El asesinato de Carlos Manzo, presidente municipal de Uruapan, no es un accidente político: es una derrota del Estado. Y, como ocurre en las derrotas verdaderas, el perdedor no es sólo el gobernante en turno, sino la comunidad entera que confió en él. La brutalidad no irrumpe en Michoacán y en todo México: se instala, se expande, se vuelve clima. Lo nuevo —y lo más inquietante— es que el gobierno que prometió desmontarla parece haber pactado con su presencia.
En el México gobernado por Morena, la brutalidad no retrocede: es tolerada, explicada, minimizada, justificada. Se le concede una cortesía inquietante: la de no nombrarla por lo que es. Se le llama “herencia”, “provocación”, “excepción”. El lenguaje del poder se ha vuelto un laboratorio de eufemismos. Las palabras ya no designan realidades: las disuelven. El crimen no es crimen: es “incidente”. El fracaso no es fracaso: es “narrativa opositora”.

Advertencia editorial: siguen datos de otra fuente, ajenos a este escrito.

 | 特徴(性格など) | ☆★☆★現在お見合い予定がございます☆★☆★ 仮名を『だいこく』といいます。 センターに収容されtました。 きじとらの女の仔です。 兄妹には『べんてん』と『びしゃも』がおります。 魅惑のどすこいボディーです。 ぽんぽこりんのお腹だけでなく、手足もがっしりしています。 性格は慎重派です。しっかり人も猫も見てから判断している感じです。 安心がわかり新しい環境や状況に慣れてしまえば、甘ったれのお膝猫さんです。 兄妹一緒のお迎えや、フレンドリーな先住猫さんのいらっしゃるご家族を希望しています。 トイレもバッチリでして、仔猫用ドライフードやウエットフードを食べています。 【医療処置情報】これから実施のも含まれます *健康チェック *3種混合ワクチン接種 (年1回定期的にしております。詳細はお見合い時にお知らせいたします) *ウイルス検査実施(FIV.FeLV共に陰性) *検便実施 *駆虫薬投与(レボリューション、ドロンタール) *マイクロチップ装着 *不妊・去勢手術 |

Mientras tanto, un presidente municipal es asesinado en su propia ciudad. Y, en vez de un relámpago de indignación gubernamental, recibimos un murmullo: promesas, comunicados, condolencias. Los rituales de siempre. El aparato estatal, gigantesco y solemne, actúa como si la brutalidad fuera una lluvia estacional y no una estructura que corroe su potestad.

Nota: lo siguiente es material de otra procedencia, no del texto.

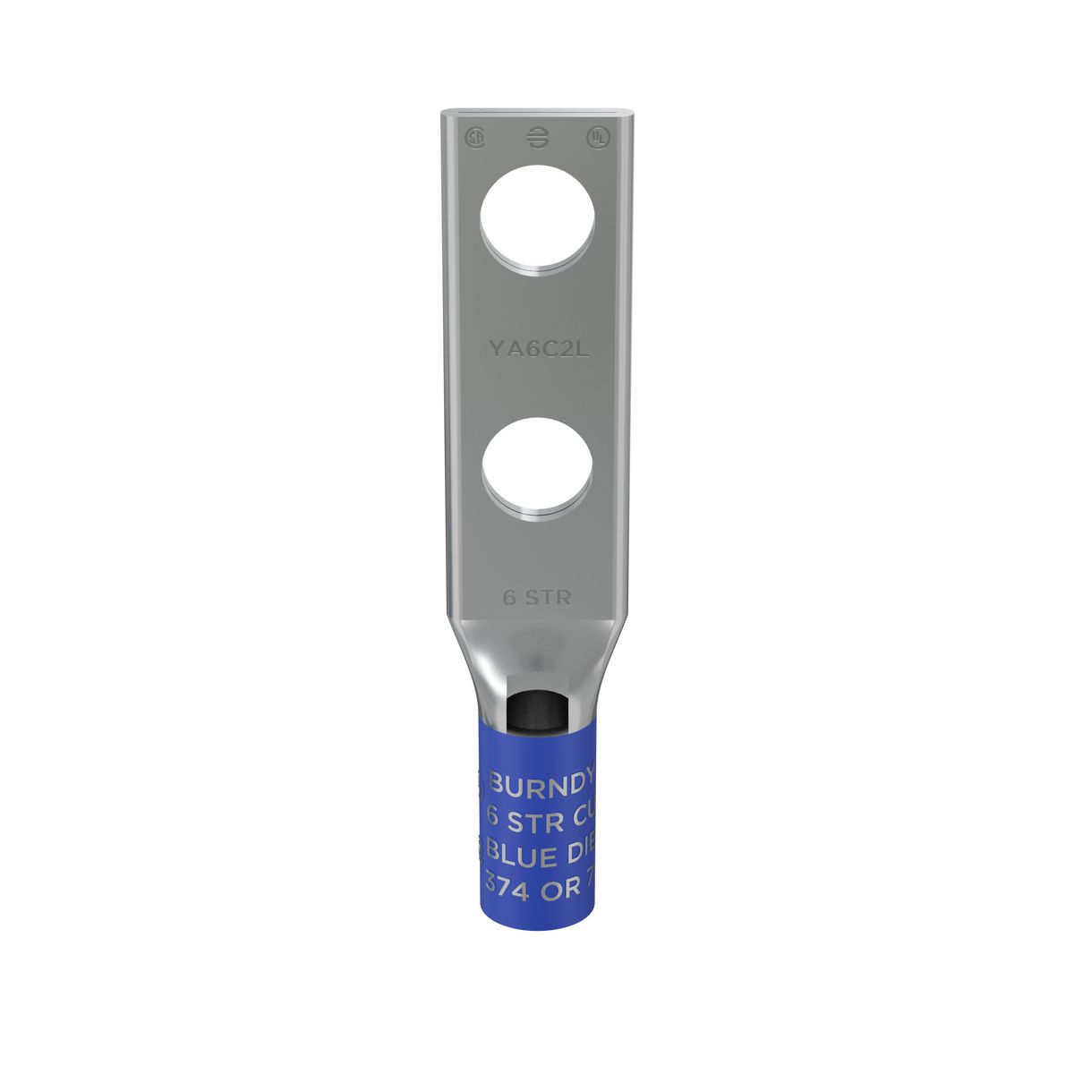 - BURNDY® HYLUG™ Compression Connector Lug, 2-Hole, Series: YA-C-2L, Stranded Copper Conductor, 6 AWG Conductor, Die Code: 7/374, 600 VAC to 35 kV, 1/4 in Stud, Straight Tongue, 0.45 in W x 0.08 in THK Tongue, 2.01 in Overall Length, Chamfered/Short/Skived/Standard Barrel, 0.29 in OD x 0.54 in L Barrel, 5/8 in L Wire Strip, 5/8 in Stud Hole Spacing, Electro-Tin Plated, 90 deg C, Copper, Blue

Morena, que llegó al poder proclamando la regeneración de la vida pública, ha confundido la regeneración con la absolución. Todo se explica, todo se perdona, todo se hereda: nada se asume. El viejo ogro filantrópico —torpe, paternal, hipertrofiado—, resucita bajo nuevas siglas. Y como su antecesor priista, exhibe la misma falla esencial: una ceguera selectiva. Mira lo que le conviene, ignora lo que lo compromete.
El crimen de Uruapan desnuda al Estado. Lo muestra como es: un poder que habla fuerte y actúa débil. Un poder que perdió el monopolio de la violencia pero conserva el de la retórica. Un poder que prefiere movilizar a sus fieles antes que proteger a sus ciudadanos. Toda política que sustituye la responsabilidad por la propaganda acaba por generar su propio laberinto: un sistema que gira en torno a su voz mientras pierde control sobre su territorio.

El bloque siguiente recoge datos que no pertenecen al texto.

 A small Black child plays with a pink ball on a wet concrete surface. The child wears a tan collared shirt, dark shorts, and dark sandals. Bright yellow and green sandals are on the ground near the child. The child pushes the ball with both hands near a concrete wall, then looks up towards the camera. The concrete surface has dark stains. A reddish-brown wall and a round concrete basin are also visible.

La muerte de Carlos Manzo interpela al gobierno, pero también a la nación. ¿Cuántos asesinatos más serán necesarios para que la autoridad reconozca que su estrategia ha fracasado? ¿Cuánta sangre debe derramarse antes de aceptar que la “transformación” no ha tocado el nervio de la brutalidad, sino que la ha administrado como un mal inevitable?
No, la brutalidad no es inevitable. La resignación sí lo es, cuando el Estado decide que su primera obligación no es proteger al ciudadano, sino preservar su relato.
México no puede vivir de manera eterna bajo la sombra de un poder que, temeroso de confrontar al crimen, termina administrando la inercia del horror. La muerte de un alcalde no es sólo una nota roja: es un juicio. Y este gobierno, con su mezcla de soberbia y desdén, lo está reprobando.
La pregunta ya no es qué hará el Estado. La pregunta —terrible—, es si aún puede hacer algo.